2. For +ve -> Logical Shift

Answer 2

When shifting left, there is no difference between arithmetic and logical shift. When shifting right, the type of shift depends on the type of the value being shifted.

(As background for those readers unfamiliar with the difference, a "logical" right shift by 1 bit shifts all the bits to the right and fills in the leftmost bit with a 0. An "arithmetic" shift leaves the original value in the leftmost bit. The difference becomes important when dealing with negative numbers.)

When shifting an unsigned value, the >> operator in C is a logical shift. When shifting a signed value, the >> operator is an arithmetic shift.

For example, assuming a 32 bit machine:

signed int x1 = 5;
assert((x1 >> 1) == 2);
signed int x2 = -5;
assert((x2 >> 1) == -3);
unsigned int x3 = (unsigned int)-5;
assert((x3 >> 1) == 0x7FFFFFFD);

Answer 3

Here are functions to guarantee logical right shift and arithmetic right shift of an int in C:

int logicalRightShift(int x, int n) {
    return (unsigned)x >> n;
}
int arithmeticRightShift(int x, int n) {
    if (x < 0 && n > 0)
        return x >> n | ~(~0U >> n);
    else
        return x >> n;
}

Answer 4

When you do - left shift by 1 you multiply by 2 - right shift by 1 you divide by 2

 x = 5
 x >> 1
 x = 2 ( x=5/2)

 x = 5
 x << 1
 x = 10 (x=5*2)

Answer 5

Left shift <<

This is somehow easy and whenever you use the shift operator, it is always a bit-wise operation, so we can't use it with a double and float operation. Whenever we left shift one zero, it is always added to the least significant bit (LSB).

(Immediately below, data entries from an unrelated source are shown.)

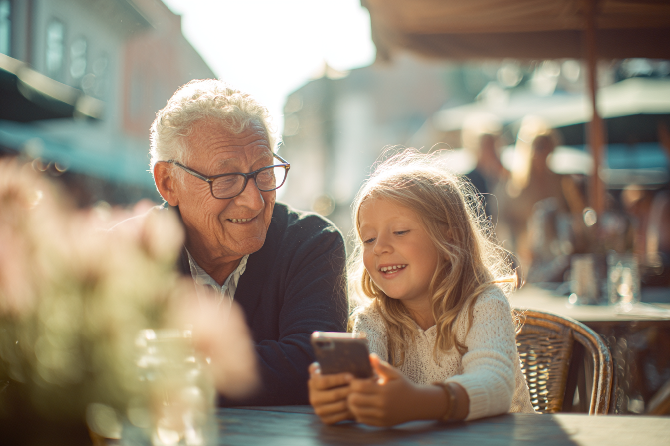 La imagen muestra a un abuelo y su nieta sentados en una mesa al aire libre de un café o restaurante. La luz del sol ilumina suavemente la escena, creando un ambiente cálido y acogedor. El abuelo, con cabello rizado y canoso, lleva unas gafas y sonríe mientras mira a su nieta. La niña, de cabello largo y rubio, sostiene un smartphone en sus manos, mostrando una expresión de alegría y entusiasmo. Ambos parecen disfrutar de un momento especial juntos, compartiendo una experiencia digital que la niña proporciona. Al fondo, se pueden ver otras mesas y personas, pero están desenfocadas, lo que resalta la conexión entre abuelo y nieta. Un arreglo de flores blanqueadas se encuentra en el primer plano, añadiendo un toque natural a la escena.
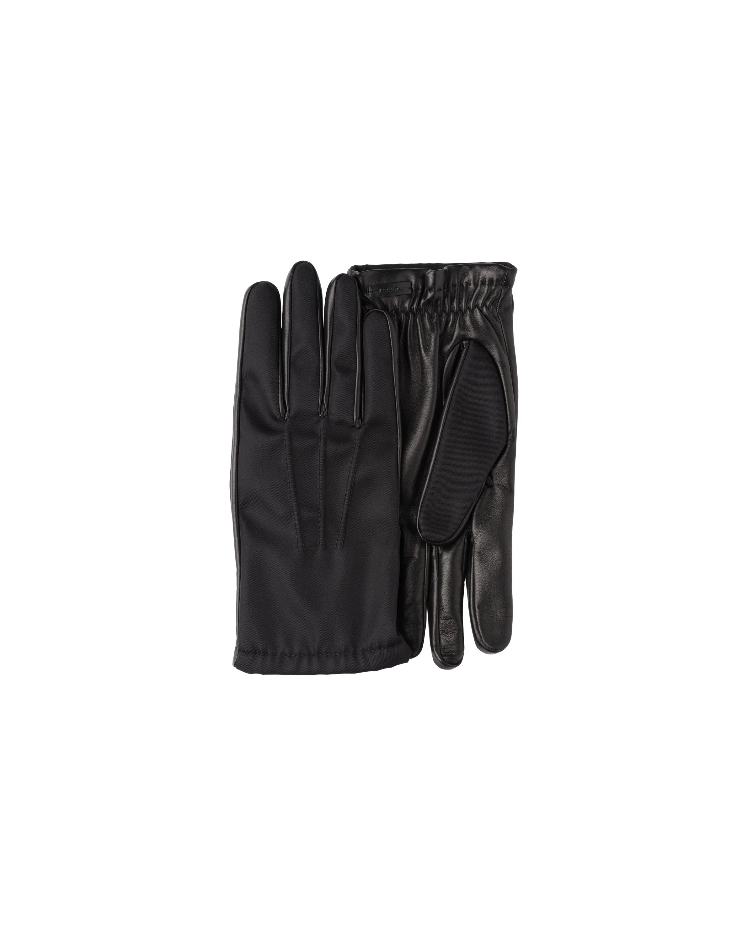 These sleek gloves with contemporary charm reveal a dual aesthetic combining the elegant touch of leather with the pragmatic character of Re-Nylon. The enameled metal triangle logo completes with an iconic note. For sustainable care to preserve the product's characteristics and reduce microfiber shedding, we recommend not washing the item too often. Let the product air out after every use and have it dry cleaned at a specialized ecological dry cleaners. - Product code: 2GG795_2DWB_F0002 - Enameled metal triangle logo - Imported MATERIALS Main material: Recycled polyamide
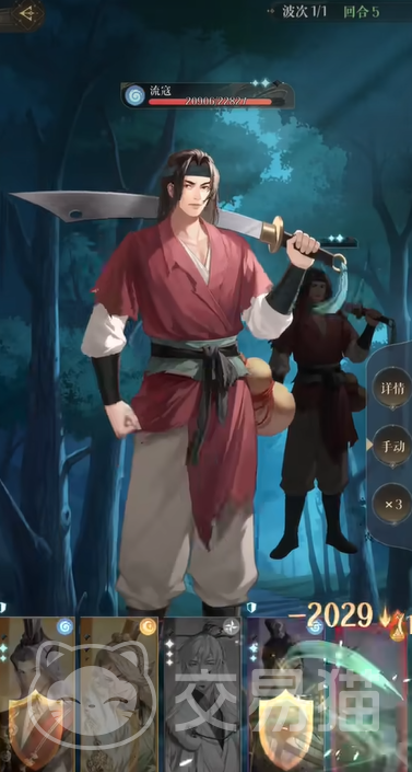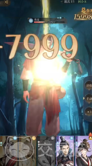 到了第三回合就是关键的一波了。鲁肃尝试劝退流寇头目,如果劝退失败,就果断重开局,因为劝退成功可以大大减轻接下来的战斗压力。同时,王粲和杨修开启他们的大招,以最大化输出。王粲的大招可以造成高额单体伤害,而杨修则适合群体攻击。其他成员继续使用普攻,确保稳定的伤害输出。

But in right shift >> we have to follow one additional rule and that rule is called "sign bit copy". Meaning of "sign bit copy" is if the most significant bit (MSB) is set then after a right shift again the MSB will be set if it was reset then it is again reset, means if the previous value was zero then after shifting again, the bit is zero if the previous bit was one then after the shift it is again one. This rule is not applicable for a left shift.

The most important example on right shift if you shift any negative number to right shift, then after some shifting the value finally reach to zero and then after this if shift this -1 any number of times the value will remain same. Please check.

Answer 6

gcc will typically use logical shifts on unsigned variables and for left-shifts on signed variables. The arithmetic right shift is the truly important one because it will sign extend the variable.

gcc will will use this when applicable, as other compilers are likely to do.